Quantum Mechanics and De Broglie's Wavelength Quiz

De Broglie's hypothesis states that all moving particles have an associated wave, with a wavelength given by the equation λ = h / p, where h is Planck's constant and p is the momentum of the particle. This idea is related to Planck's quantum theory of radiation through the energy equation E = hν, where E is the energy of a photon, h is Planck's constant, and ν is the frequency of radiation. It is also related to Einstein's theory of relativity through the equation E = mc^2, where E is the energy equivalence of mass m and c is the velocity of light. Furthermore, the momentum of a photon is given by p = E / c, which relates to de Broglie's wavelength equation.

The de Broglie wavelength of a particle with mass m and velocity v is given by the equation λ = h / mv.
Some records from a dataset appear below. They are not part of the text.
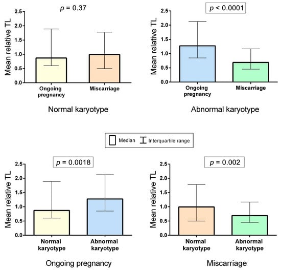 We compared mean relative TLs between the karyotypically normal samples from miscarriages and ongoing pregnancies. The Mann–Whitney U test showed no significance (p = 0.3739) (Figure 4). However, among the karyotypically abnormal chorion samples, mean relative TLs appeared to be significantly higher in ongoing pregnancies compared to miscarriages (p < 0.0001) (Figure 4). Moreover, when comparing mean relative TLs between chorion samples from karyotypically normal and abnormal ongoing pregnancies, we revealed significantly higher values in the abnormal karyotype cases (p = 0.0018) (Figure 4). In miscarriages, we observed the opposite picture: Mean relative TL values were higher in the karyotypically normal chorion samples (p = 0.002) (Figure 4). Therefore, our findings suggest a link between the mean relative TL in metaphase chromosomes from chorionic cytotrophoblast and both developmental capacity and normal/abnormal karyotype of the embryo.
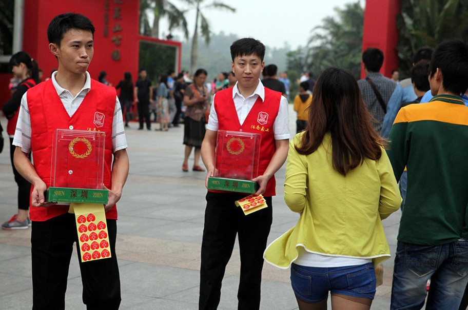 红十字会为赈灾上街募捐,行人避开。
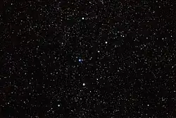 Two Messier objects, M52 (NGC 7654) and M103 (NGC 581), are located in Cassiopeia; both are open clusters. M52, once described as a "kidney-shaped" cluster, contains approximately 100 stars and is 4,600 light-years from Earth.[38] Its most prominent member is an orange-hued star of magnitude 8.0 near the cluster's edge. M103 is far poorer than M52, with only about 25 stars included. It is also more distant, between 8000 and 9500 light-years from Earth.[39] Its most prominent member is actually a closer, superimposed double star; it consists of a 7th-magnitude primary and 10th-magnitude secondary.[24]
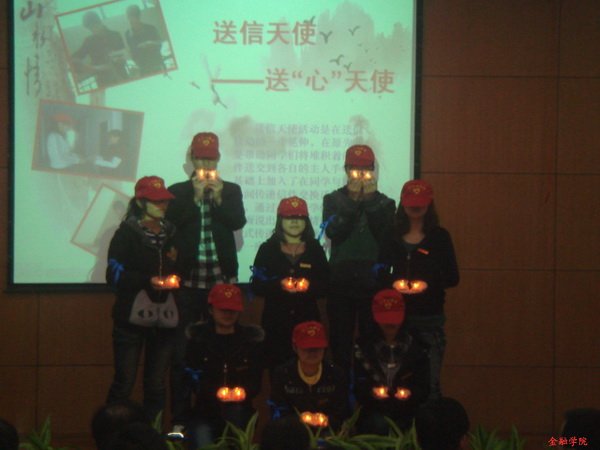 “小小信函表心意,送信天使帮传递”。在送信天使的启动仪式上,送信天使手捧点亮的蜡烛,与观众用手机拼出的亮光爱心交相辉映,他们怀着感恩与祝福之情,为在座的老师送上了金融学子对学校的美好祝愿。配合“感恩”,水果派
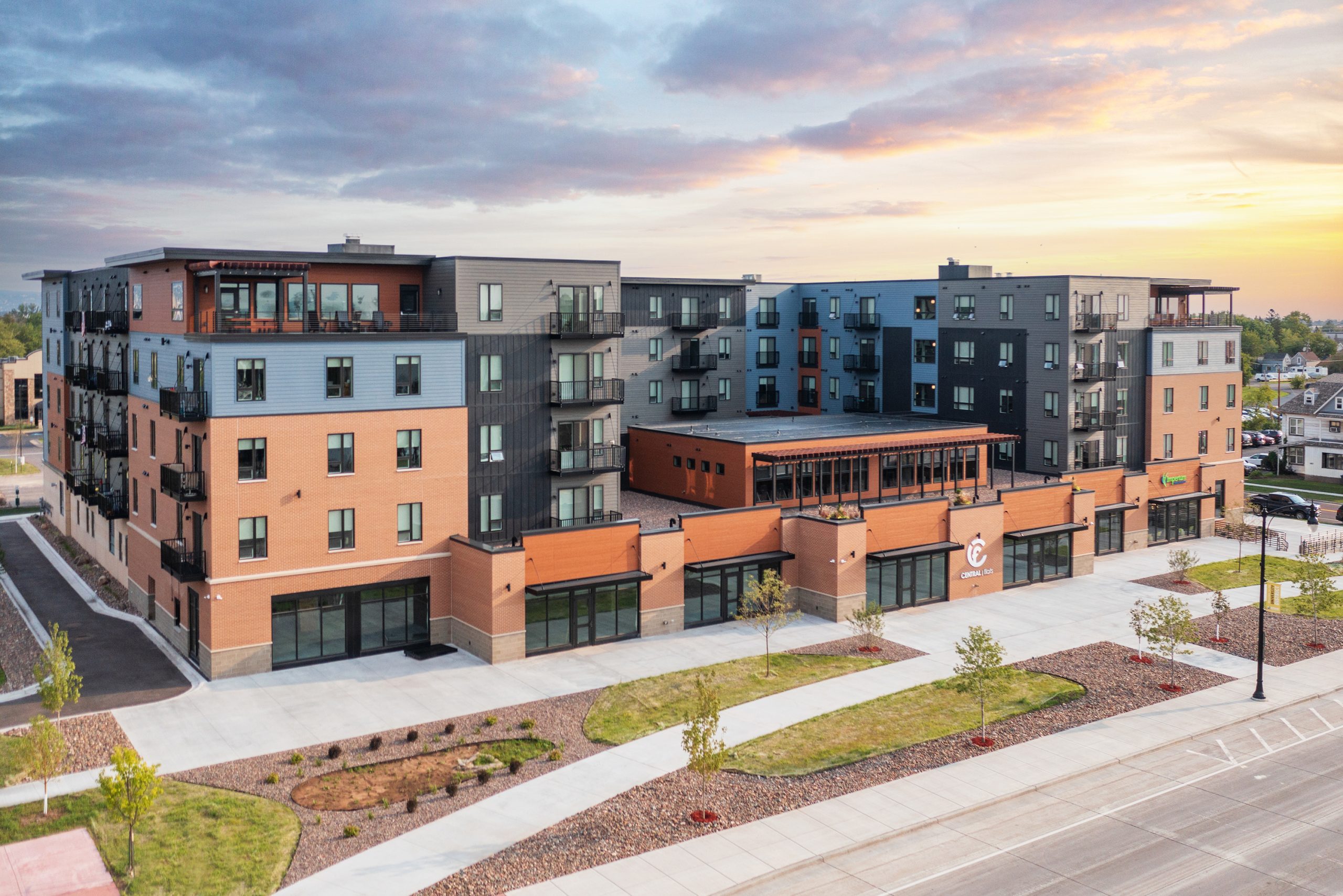 Central Flats blends the best of historic Superior with modern convenience and amenities. This new mixed-use development features micro, alcove, one, two and three bedroom apartments, an Entertaining Suite for residents to hold conferences or gatherings, a library and fitness room. Outside, residents can enjoy games and socializing at one of the three amenity decks. The modern construction is located near the heart of downtown Superior, within a short walk of the University of Wisconsin-Superior campus helping to cater to the student population in and around the area. The entire complex is all inclusive providing a living community for students, families, working professionals, and empty nesters.

In terms of kinetic energy, the wavelength can also be expressed as λ = h / √(2mE), where E is the kinetic energy of the particle.

De Broglie postulated that a free particle with rest mass m' moving with non-relativistic speed v' has a wave associated with it, and the wavelength of this wave is given by λ = h / p, where h is Planck's constant and p is the momentum of the particle.

In 1924, de Broglie proposed the fundamental symmetry that the wavelength of radiation is related to the momentum of a photon through Planck's constant, and this relationship must hold true for material particles as well, as expressed by the equation λ = h / p.

De Broglie considered the dynamics of a particle and stated that the wave associated with a moving particle, having a momentum mv, is related to Planck's constant and must follow the equation λ = h / p, where h is Planck's constant and p is the momentum of the particle.